Task
Go to the line below containing "chaise haute pour" and print exactly from there through the line containing "Brass Wall Hook", both included. Print nothing else.

Excerpted data
□ □ □ □

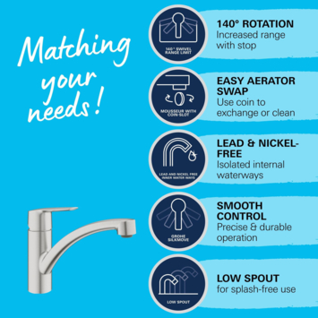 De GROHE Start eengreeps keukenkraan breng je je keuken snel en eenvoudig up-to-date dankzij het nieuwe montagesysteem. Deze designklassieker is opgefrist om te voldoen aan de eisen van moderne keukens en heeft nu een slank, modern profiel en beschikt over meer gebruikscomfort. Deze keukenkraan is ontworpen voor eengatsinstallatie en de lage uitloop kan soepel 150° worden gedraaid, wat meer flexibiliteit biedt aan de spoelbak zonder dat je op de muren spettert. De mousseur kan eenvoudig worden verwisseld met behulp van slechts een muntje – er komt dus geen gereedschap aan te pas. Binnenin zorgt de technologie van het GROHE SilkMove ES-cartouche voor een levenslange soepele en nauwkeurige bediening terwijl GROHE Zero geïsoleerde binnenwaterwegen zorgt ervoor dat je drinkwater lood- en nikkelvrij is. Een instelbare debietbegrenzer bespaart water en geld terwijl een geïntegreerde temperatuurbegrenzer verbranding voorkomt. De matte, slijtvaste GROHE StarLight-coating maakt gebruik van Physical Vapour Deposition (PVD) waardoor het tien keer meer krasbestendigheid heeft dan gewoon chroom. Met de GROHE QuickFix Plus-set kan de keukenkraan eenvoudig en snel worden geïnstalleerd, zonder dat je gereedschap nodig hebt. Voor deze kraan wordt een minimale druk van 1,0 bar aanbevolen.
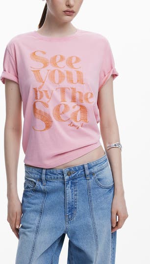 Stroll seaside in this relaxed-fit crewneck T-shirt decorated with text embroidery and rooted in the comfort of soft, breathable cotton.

□ □ □ □

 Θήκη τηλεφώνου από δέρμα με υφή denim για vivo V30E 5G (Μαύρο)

□ □ □ □

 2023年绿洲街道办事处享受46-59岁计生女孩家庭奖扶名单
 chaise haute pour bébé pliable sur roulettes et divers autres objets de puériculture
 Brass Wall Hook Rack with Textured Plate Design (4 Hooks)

□ □ □ □

Output below
 chaise haute pour bébé pliable sur roulettes et divers autres objets de puériculture
 Brass Wall Hook Rack with Textured Plate Design (4 Hooks)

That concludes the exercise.